The Dorothy Bradley Atkins Medicinal Garden has been a project of the UIC College of Pharmacy since 1999. Each plant has compounds known to alleviate a variety of sicknesses and symptoms.

For example, the compounds in autumn crocus can treat gout. The elements in birch trees have shown to kill melanoma cancer cells.

And there’s one plant that probably rings a bell for some. Its scientific name is Humulus lupulus, commonly known as hops – one of the main ingredients in beer.

“The plant also has been basically used as a sedative because it has some glands over here that when you expose too much of that, by the end of the day those people who harvest become sort of sleepy,” Soejarto said.

On Tuesdays during the spring, summer and fall, the garden gets some TLC. That includes weeding, sprucing and mulching to fight off the effects of an urban setting and Chicago’s cold winters.

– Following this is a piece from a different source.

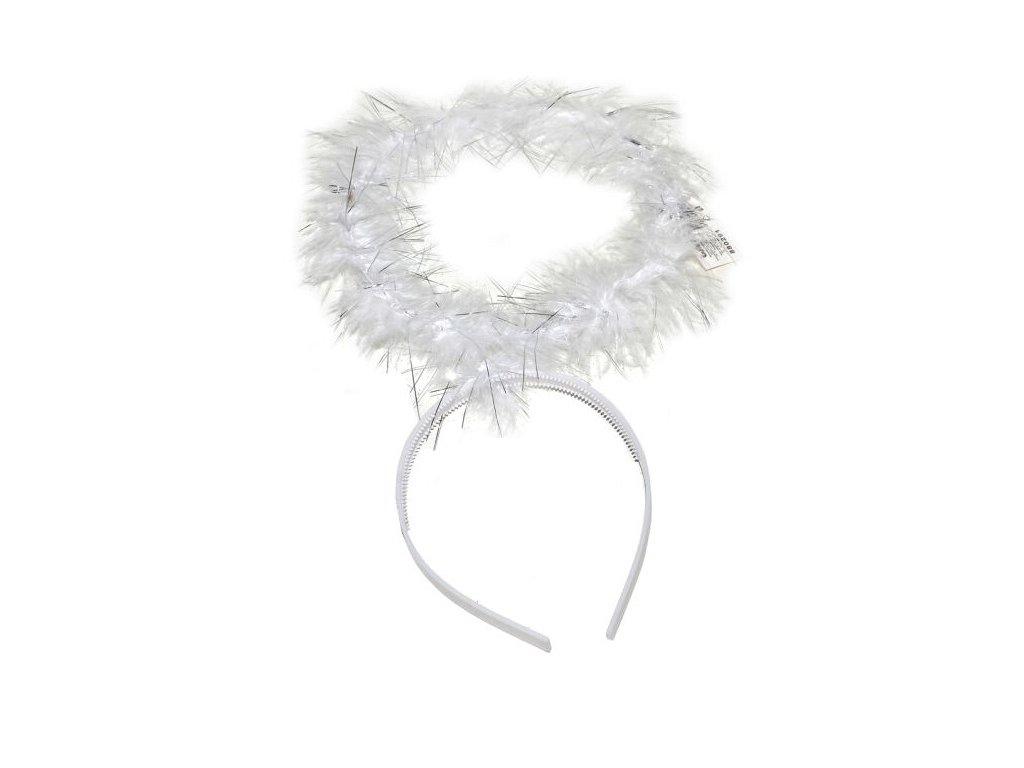 Anjelská svätožiaraS nežnou svätožiarou vás budú všetci považovať za anjela, aj keby vám z očí sršali blesky a spod sukienky vykukoval čertovský chvost. Anjelská svätožiara je vyrobená z jemného prachového peria, pripevnená k bielej pružnej čelenke nenápadným drôtikom.Odporúčaný vek: od 6 rokov

“In general, pollution and so on, that’s a part of the urban situation,” Soejarto said. “We do receive that piling up every day somehow, but many of the plants seem to be resistant to those. That’s the fact. Because as you see, it’s here, it has been here.”

The garden has a few purposes, like serving as a place for relaxation, and to educate the public during the school’s annual garden walks.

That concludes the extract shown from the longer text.